DATA EXTRACT →
━━━━━━━━━━

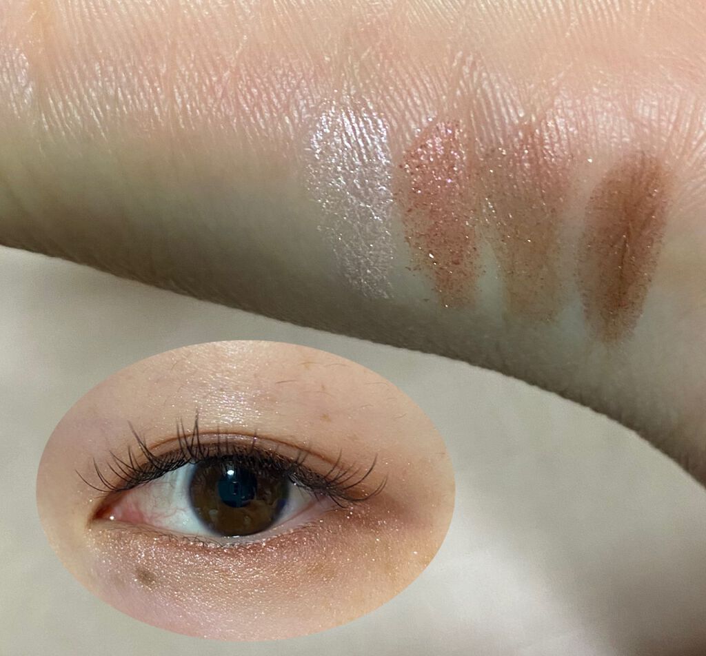 粉質が柔らかいので、優しい力で瞼に乗せられる 色味は濃すぎないので柔らかい印象で使える ブラウンメイクもピンクメイクも使い方によってはどちらも出来る! ブラウンに程よいピンクの色味が入っているので、可愛らしい印象になれる!
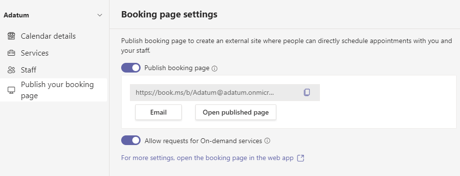 Pokud chcete lidem umožnit, aby si na stránce rezervace mohli vyžádat schůzky na vyžádání, zapněte možnost Povolit žádosti o služby na vyžádání.
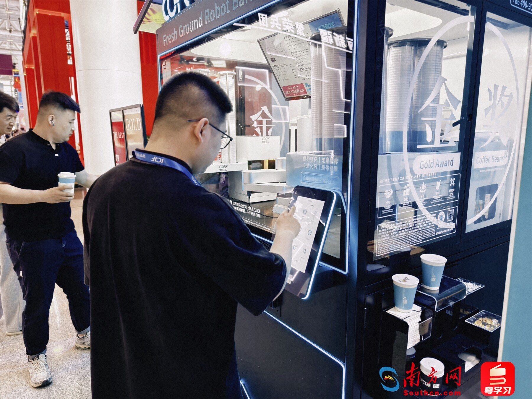 走進(jìn)文博會(huì)10號(hào)館展廳,映入眼簾的“COFE+機(jī)器人現(xiàn)磨咖啡”展位吸引了不少游客觀眾駐足排隊(duì)。作為展位負(fù)責(zé)人,上海氦豚機(jī)器人科技有限公司創(chuàng)始人韓非子(韓兆林)正忙碌地為客人介紹產(chǎn)品。
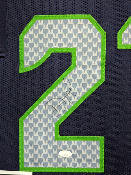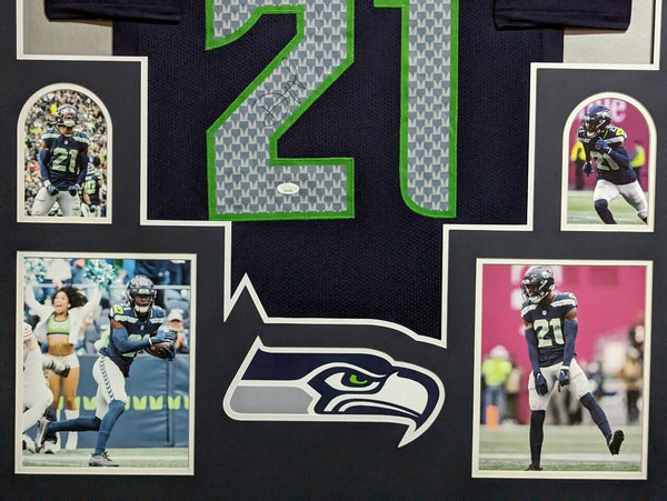 Custom Framed Devon Witherspoon hand signed Seattle Seahawks style custom jersey.JSA Hologram and COAThe authentication is from JSA. This signature is WITNESSED by a representative of JSA! 100% AUTHENTIC!!! The jersey has fully stitched numbers on the front and back. It is a great item and a must for all great sports fans!Stock photos are used for auctions. Will receive equal quality.This item is professionally framed, it measures 32"x40" inside , 42"x34" outside , using UV protective Acrylic glass for safe keeping and safe transport, team color matting, black moulding and hanging hooks on the back. All additional items in frame seen in pictures included. 100% ready to hang in your fan cave.

━━━━━━━━━━

WORK INSTRUCTION → Print from the line containing "Pokud chcete lidem" through the line containing "走進(jìn)文博會(huì" in the data above, exactly as the lines stand, and omit every picture.

TASK RESPONSE →
 Pokud chcete lidem umožnit, aby si na stránce rezervace mohli vyžádat schůzky na vyžádání, zapněte možnost Povolit žádosti o služby na vyžádání.
 走進(jìn)文博會(huì)10號(hào)館展廳,映入眼簾的“COFE+機(jī)器人現(xiàn)磨咖啡”展位吸引了不少游客觀眾駐足排隊(duì)。作為展位負(fù)責(zé)人,上海氦豚機(jī)器人科技有限公司創(chuàng)始人韓非子(韓兆林)正忙碌地為客人介紹產(chǎn)品。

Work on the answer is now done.